A ricevere il riconoscimento sono stati quindi Beatrice Ferrario e Michele Trobia, poi Benedetta Restelli, Gabriel Cattaneo e Matteo Bracchetti.

Tra i donor anche Rita Boldrini, che ha rivolto agli studenti un semplice ma caloroso augurio: «Tanti auguri a tutti voi». Il premio è stato assegnato a Stefano Carlo Falcone.

Sono intervenute poi Giorgia Grampa e Martina Grampa: «Siamo state ex studentesse Liuc.

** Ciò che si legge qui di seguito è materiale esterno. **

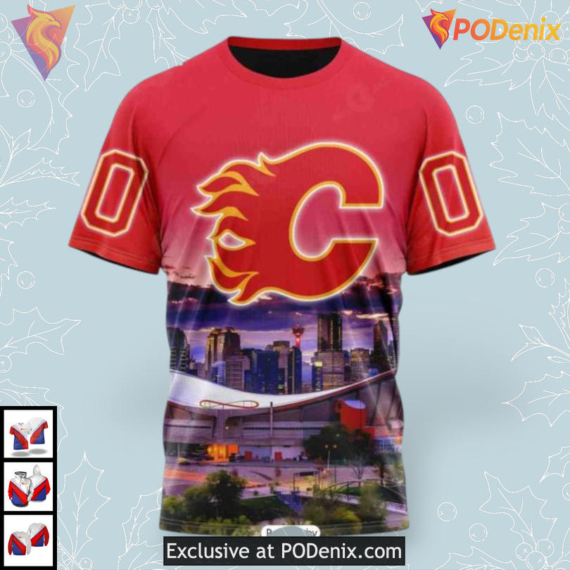 Personalized Calgary Flames 3D Sweatshirt Featuring City Skyline Artwork

Da due anni abbiamo deciso di istituire borse di studio perché crediamo nei giovani del futuro che siete voi».

Nel corso della cerimonia ha preso la parola anche Pierluigi Biondi: «Il senso di questo premio è rivolto a chi merita: la scommessa di noi imprenditori è sostenere i giovani del futuro».

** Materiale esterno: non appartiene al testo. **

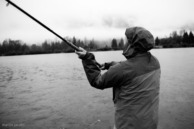 Big Cowboy! Rodger Pope with a nice hen. Below caster in black and white on the Skeena. |

Molto apprezzato anche l’intervento di Marinelli Latteri: «Mi sono laureata qui grazie a una borsa di studio e oggi, con la mia società, voglio restituire quanto ricevuto, con l’auspicio che possiate andare avanti e che un giorno arriviate dalla parte di chi restituisce agli altri le opportunità ricevute».

A chiudere l’incontro sono state le parole degli stessi studenti, testimonianze dirette di crescita personale e professionale.

Michele Rampinini ha raccontato: «Ringrazio tutti. Da cittadino sono fiero di questa università. Qui mi sono arricchito, mi sono conosciuto, ho sviluppato relazioni e avuto opportunità internazionali che mi hanno profondamente formato».

Anche Giorgio Cunardi ha ricordato il valore del percorso svolto alla Liuc: «Ho trovato una realtà stimolante, con un rapporto importante con i professori. Ho potuto condurre un progetto interessante che mi ha preparato ad affrontare le sfide future».

Infine Michele Trobia ha sottolineato: «Qui ho trovato un ecosistema che mi ha permesso di esprimere un potenziale che avevo dentro e che forse non conoscevo fino in fondo».

A sostenere l’iniziativa sono stati il Comune di Castellanza, Hiris Srl, la famiglia Manganaro, Zaro Carni, Maglificio Alto Milanese, Lariotex e Thymos Business & Consulting.